По всей Земле рассеяны люди, ищущие ответа на свои искания. Неутоленная жажда духовная весьма многих — вот историческое событие, подлинно трагическое, действительно достойное всякого внимания. Много таких, которые стоят на грани отчаяния. Каждый из них в свою меру созерцает, разумно или интуитивно, в глубинах своего духа бессмысленность современной жизни. Страдания их остры в силу сознания ими недостаточности их персональных усилий, чтобы вырваться из цепей смерти, которыми связан человек в его падении.
Нашу эпоху некоторые дерзают называть postchretienne (послехристианская); я же лично, в пределах моих познаний из истории христианства и истории мира вообще, склонен думать, что христианство еще никогда не было воспринято широкими массами как должно. Мир, я имею в виду христианизированную часть, никогда, в сущности, не жил подлинно по-христиански.
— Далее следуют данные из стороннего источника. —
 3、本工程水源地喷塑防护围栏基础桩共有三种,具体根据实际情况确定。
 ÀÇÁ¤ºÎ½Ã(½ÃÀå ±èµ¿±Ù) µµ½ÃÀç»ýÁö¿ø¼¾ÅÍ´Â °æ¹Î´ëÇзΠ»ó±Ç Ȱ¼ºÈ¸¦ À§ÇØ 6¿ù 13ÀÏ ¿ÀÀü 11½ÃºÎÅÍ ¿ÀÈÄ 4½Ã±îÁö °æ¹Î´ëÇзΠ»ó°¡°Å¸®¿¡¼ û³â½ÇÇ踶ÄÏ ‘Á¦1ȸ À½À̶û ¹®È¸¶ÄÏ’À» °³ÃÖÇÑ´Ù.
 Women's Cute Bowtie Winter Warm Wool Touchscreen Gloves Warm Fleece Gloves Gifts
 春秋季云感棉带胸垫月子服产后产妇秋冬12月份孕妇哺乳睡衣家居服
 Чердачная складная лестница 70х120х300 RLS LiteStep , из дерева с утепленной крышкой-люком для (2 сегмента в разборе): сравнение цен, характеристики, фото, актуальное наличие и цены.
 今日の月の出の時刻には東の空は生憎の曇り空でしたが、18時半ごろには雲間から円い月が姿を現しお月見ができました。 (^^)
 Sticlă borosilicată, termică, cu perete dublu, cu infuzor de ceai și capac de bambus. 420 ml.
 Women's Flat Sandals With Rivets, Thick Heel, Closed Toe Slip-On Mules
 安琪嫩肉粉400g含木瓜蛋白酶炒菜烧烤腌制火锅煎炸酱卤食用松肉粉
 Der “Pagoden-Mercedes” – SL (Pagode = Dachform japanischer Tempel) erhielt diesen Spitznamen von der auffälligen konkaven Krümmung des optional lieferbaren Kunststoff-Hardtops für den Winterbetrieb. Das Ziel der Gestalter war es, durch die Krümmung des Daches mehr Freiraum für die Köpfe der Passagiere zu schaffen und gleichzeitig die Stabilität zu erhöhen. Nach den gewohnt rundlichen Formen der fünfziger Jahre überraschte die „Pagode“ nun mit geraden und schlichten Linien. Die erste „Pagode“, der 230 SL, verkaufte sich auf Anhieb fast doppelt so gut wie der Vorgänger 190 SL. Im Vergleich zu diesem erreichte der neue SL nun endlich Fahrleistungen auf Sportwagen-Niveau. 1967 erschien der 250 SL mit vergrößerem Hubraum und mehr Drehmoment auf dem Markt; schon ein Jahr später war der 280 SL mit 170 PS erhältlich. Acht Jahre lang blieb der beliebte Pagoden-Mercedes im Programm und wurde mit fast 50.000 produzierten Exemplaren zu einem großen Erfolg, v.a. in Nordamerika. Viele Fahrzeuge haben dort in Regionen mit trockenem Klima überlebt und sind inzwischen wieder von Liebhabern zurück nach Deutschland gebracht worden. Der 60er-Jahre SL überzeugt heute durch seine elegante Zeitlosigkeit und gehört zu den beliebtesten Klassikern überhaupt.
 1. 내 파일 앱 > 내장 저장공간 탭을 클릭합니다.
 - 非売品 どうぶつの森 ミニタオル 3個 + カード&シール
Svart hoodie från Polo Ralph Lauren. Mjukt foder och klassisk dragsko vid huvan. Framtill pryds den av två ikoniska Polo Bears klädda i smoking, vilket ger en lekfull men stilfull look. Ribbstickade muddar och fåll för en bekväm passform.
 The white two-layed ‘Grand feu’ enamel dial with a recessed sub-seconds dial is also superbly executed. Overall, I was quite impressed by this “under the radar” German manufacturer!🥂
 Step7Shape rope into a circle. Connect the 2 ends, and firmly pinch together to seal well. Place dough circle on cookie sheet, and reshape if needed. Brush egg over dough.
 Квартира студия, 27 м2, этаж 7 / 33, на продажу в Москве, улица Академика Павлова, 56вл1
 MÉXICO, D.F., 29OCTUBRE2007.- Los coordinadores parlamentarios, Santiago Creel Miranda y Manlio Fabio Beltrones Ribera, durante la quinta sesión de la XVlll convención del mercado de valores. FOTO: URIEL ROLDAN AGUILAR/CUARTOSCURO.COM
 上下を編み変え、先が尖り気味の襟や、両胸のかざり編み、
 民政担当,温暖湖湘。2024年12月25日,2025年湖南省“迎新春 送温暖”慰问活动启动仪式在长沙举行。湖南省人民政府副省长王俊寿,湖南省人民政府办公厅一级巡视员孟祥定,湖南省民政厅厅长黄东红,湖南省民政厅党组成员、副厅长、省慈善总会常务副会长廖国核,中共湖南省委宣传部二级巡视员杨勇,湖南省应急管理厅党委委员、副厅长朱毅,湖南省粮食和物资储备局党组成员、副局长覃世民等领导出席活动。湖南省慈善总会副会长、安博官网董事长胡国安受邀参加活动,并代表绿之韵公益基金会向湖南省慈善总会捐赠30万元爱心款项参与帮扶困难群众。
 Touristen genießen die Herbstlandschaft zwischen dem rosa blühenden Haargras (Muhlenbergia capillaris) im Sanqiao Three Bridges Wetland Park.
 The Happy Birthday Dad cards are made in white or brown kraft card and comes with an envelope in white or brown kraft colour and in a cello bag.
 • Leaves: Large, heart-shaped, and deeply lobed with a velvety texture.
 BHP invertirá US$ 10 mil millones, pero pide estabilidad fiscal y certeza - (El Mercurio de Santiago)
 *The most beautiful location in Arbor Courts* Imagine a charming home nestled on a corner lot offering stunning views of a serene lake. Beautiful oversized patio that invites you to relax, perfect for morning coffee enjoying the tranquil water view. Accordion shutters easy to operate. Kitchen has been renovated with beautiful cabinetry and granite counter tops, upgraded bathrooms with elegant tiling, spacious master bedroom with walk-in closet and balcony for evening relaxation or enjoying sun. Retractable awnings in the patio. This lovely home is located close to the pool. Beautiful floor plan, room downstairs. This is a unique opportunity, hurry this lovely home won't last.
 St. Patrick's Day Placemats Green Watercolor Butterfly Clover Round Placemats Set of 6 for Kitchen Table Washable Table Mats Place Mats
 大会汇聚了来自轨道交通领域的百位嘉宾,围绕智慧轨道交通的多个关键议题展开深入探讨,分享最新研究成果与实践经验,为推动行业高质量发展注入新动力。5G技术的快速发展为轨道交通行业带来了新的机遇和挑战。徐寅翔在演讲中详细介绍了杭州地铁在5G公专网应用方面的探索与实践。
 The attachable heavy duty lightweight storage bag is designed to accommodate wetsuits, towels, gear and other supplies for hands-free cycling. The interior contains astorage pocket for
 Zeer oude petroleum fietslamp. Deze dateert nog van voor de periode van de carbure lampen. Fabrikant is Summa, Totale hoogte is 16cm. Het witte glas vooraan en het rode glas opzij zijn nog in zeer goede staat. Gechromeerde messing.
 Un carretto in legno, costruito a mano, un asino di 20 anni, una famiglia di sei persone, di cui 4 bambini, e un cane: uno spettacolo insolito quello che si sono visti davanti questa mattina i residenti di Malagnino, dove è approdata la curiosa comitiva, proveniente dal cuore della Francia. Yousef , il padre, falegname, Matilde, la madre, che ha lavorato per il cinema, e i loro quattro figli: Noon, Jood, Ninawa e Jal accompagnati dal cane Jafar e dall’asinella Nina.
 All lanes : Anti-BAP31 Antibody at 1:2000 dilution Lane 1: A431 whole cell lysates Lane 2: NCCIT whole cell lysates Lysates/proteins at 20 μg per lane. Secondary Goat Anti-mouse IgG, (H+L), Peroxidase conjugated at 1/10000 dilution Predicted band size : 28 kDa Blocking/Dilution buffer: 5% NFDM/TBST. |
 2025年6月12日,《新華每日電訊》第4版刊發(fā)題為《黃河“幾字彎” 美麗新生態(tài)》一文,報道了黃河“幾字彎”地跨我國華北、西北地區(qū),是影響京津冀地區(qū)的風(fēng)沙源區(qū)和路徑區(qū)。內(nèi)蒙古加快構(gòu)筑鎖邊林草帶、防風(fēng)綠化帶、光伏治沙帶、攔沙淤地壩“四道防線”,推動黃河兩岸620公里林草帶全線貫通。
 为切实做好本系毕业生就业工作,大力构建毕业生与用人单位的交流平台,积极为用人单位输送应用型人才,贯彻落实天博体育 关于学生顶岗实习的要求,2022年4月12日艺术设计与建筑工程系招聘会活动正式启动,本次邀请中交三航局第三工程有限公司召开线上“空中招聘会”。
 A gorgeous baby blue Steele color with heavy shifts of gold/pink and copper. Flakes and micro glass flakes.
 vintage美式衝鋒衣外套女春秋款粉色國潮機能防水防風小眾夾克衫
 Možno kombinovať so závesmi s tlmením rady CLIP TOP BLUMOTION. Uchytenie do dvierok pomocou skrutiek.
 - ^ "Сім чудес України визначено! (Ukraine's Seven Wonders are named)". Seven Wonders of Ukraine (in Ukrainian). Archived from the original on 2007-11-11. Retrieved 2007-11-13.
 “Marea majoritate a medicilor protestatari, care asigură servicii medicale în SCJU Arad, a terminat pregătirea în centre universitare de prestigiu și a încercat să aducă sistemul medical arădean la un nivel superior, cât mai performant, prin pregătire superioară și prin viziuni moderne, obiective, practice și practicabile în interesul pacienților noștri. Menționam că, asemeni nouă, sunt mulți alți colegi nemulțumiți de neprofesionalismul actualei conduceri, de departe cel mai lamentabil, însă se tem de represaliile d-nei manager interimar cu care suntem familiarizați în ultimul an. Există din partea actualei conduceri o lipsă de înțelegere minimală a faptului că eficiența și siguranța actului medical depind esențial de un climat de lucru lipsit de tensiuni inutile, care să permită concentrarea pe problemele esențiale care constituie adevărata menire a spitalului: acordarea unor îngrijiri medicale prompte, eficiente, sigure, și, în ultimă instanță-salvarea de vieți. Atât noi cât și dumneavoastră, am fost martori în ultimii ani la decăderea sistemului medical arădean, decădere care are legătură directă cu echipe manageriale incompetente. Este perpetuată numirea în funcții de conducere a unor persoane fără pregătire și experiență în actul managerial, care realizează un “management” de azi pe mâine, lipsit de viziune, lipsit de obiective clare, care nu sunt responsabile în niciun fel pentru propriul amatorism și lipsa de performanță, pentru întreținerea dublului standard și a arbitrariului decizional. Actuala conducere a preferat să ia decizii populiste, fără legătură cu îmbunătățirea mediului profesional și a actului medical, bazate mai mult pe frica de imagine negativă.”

Парадоксальны судьбы человечества: те государства, которые более всех претендуют на христианское имя, веками держали большую часть вселенной в железных тисках, а в последние десятилетия — в ужасе апокалиптических катастроф. В современном кризисе христианства среди народных масс не неправильно усмотреть бунт естественной совести людей против тех извращений, которым подверглось евангельское учение в его историческом приложении.